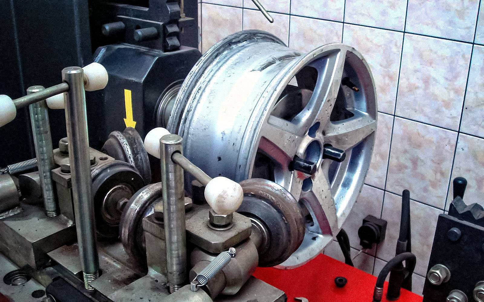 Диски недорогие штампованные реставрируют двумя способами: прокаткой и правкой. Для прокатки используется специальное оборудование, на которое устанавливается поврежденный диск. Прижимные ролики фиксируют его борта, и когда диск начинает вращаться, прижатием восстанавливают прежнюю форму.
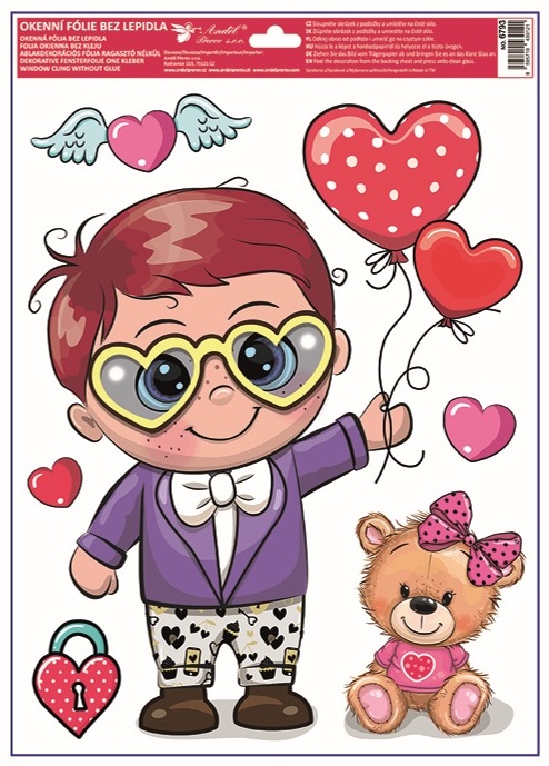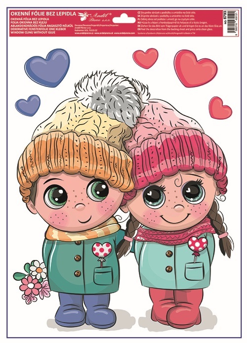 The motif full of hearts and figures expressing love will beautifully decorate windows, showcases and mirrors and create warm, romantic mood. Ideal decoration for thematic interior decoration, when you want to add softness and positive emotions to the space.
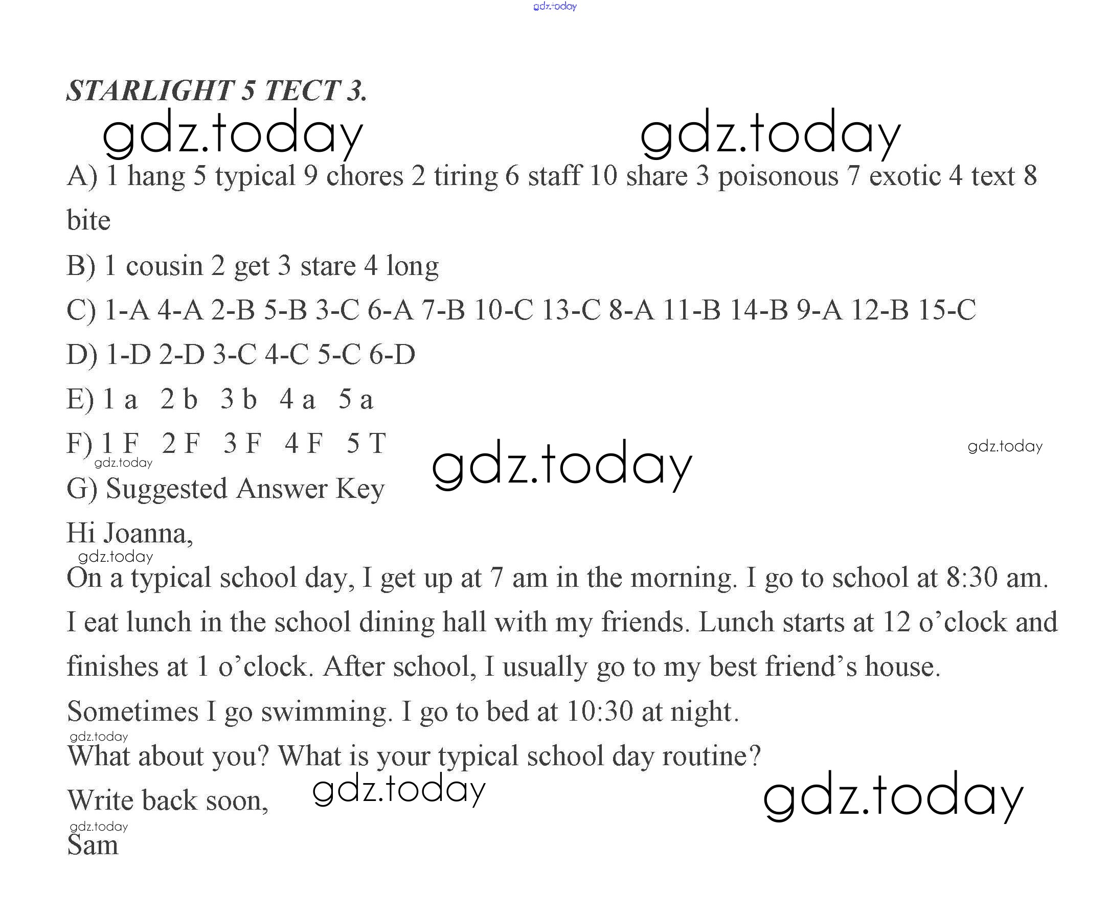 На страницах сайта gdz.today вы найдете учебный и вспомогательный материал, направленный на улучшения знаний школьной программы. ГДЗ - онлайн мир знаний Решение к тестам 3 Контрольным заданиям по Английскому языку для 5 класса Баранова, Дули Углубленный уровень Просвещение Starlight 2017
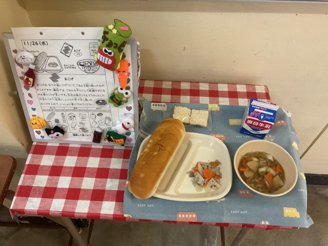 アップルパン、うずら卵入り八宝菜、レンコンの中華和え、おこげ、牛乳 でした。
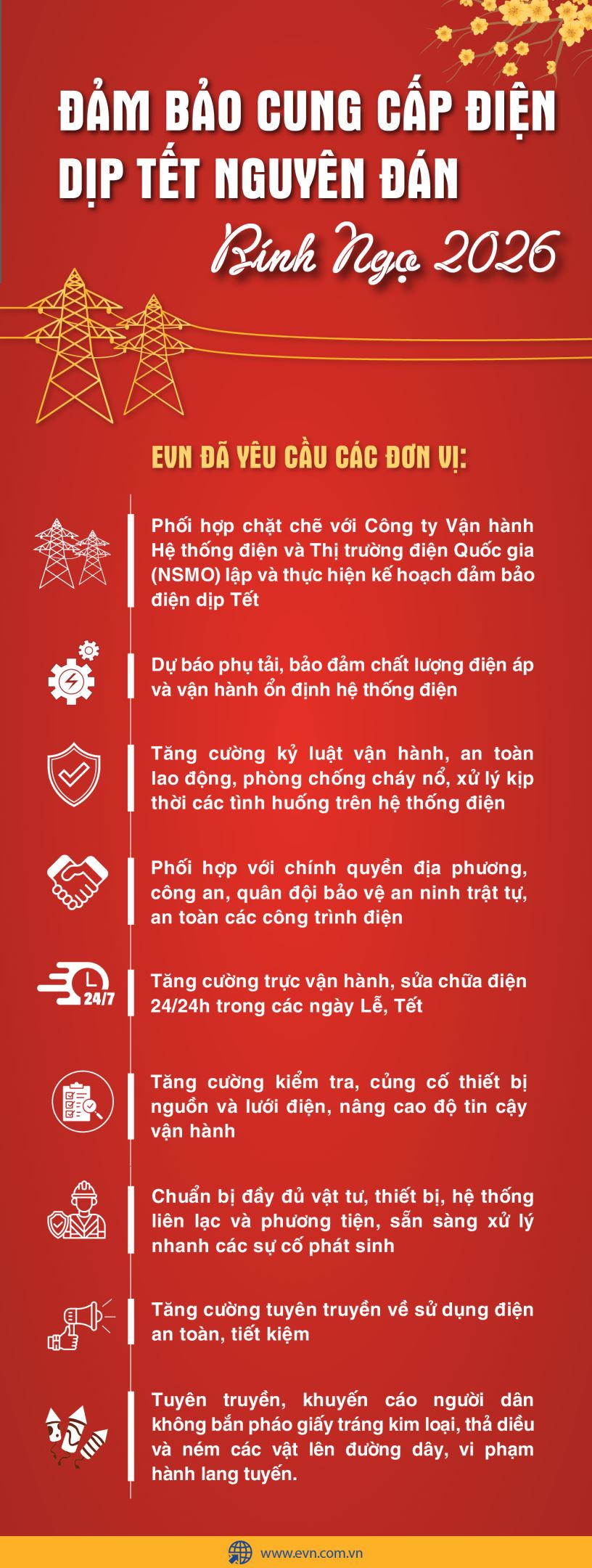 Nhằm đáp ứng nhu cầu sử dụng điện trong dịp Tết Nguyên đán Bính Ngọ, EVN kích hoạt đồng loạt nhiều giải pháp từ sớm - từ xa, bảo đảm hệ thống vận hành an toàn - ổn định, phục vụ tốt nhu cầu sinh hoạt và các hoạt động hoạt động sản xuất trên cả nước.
________________
* [GOAL OF THE EXERCISE] Give the data again exactly as written, with all pictures left out.

* [THE ANSWER]
 Диски недорогие штампованные реставрируют двумя способами: прокаткой и правкой. Для прокатки используется специальное оборудование, на которое устанавливается поврежденный диск. Прижимные ролики фиксируют его борта, и когда диск начинает вращаться, прижатием восстанавливают прежнюю форму.
 The motif full of hearts and figures expressing love will beautifully decorate windows, showcases and mirrors and create warm, romantic mood. Ideal decoration for thematic interior decoration, when you want to add softness and positive emotions to the space.
 На страницах сайта gdz.today вы найдете учебный и вспомогательный материал, направленный на улучшения знаний школьной программы. ГДЗ - онлайн мир знаний Решение к тестам 3 Контрольным заданиям по Английскому языку для 5 класса Баранова, Дули Углубленный уровень Просвещение Starlight 2017
 アップルパン、うずら卵入り八宝菜、レンコンの中華和え、おこげ、牛乳 でした。
 Nhằm đáp ứng nhu cầu sử dụng điện trong dịp Tết Nguyên đán Bính Ngọ, EVN kích hoạt đồng loạt nhiều giải pháp từ sớm - từ xa, bảo đảm hệ thống vận hành an toàn - ổn định, phục vụ tốt nhu cầu sinh hoạt và các hoạt động hoạt động sản xuất trên cả nước.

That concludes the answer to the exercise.